O engodo fica mais evidenciado na
percepção da contradição de um sistema econômico que tenta vender a
ideia de preocupação com o social, desenvolvendo estratégias de gestão
de pessoal voltadas ao que denominam de “humanização” das relações de
trabalho, mas que, ao mesmo tempo, preconiza que só pode se sustentar
por intermédio de um modo de produção no qual o capital se desvincule do
trabalho e, consequentemente, do trabalhador, para que não tenha que se
preocupar com os dilemas pessoais deste.
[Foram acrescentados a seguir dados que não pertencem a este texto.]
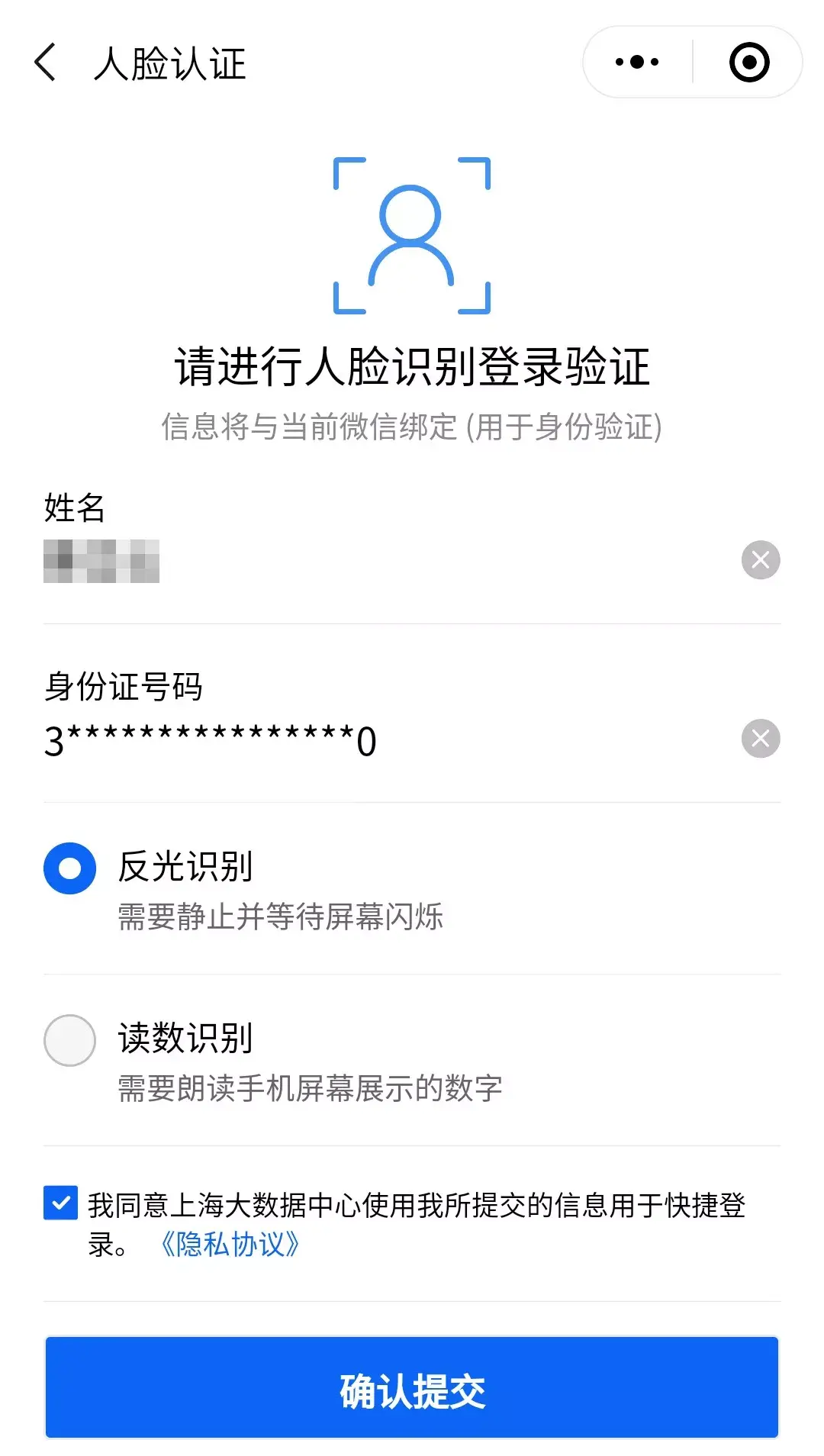 第三步:填写个人姓名和身份证号码,并进行人脸识别↓

Do embaralhado de contratos
entre empresas, o que se pretende é que o serviço seja feito, não
importando por quem ou o meio que a empresa terceirizada utilize para
que o serviço esteja pronto, na forma, na quantidade, na qualidade e no
prazo contratados.
E se o grande capital possui e exerce esse
poder sobre a empresa contratada, esta, concorrendo com outras para
pegar uma parcela do capital, tende a se relacionar da mesma forma com
outras empresas que venha a contratar e, mais ainda, com os seus
trabalhadores subordinados.
Nesta perspectiva é importante que a
classe trabalhadora perceba que nem mesmo a mera rejeição do PL 4.330
constitui uma vitória completa, vez que a terceirização que está aí
precisa ser combatida, na medida em que agride vários preceitos
jurídicos e atinentes às relações humanas, sobretudo no âmbito do setor
público.
Em suma, a situação que se extrai do PL
4330, caso viesse a ser aprovado, pois já se tem boas razões para
acreditar que não será, seria a de empresas constituídas sem empregados,
com setores inteiros da linha de produção, da administração, do
transporte e demais atividades geridos por empresas interpostas cujo
capital social é bastante reduzido se comparado com a contratante,
gerando, por certo, uma redução de ganhos, além de um grande feixe de
relações jurídicas e comerciais, que se interligam promiscuamente, mas
que servem para evitar que os diversos trabalhadores, das variadas
empresas, se identifiquem como integrantes de uma classe única e se
organizem.
De fato, ter-se-ia a formação de uma
espécie de shopping center fabril, onde o objeto principal de comércio é
o próprio ser humano.
Escrito por Jorge Luiz Souto Maior, professor livre-docente da Faculdade de Direito da USP. Juiz do trabalho.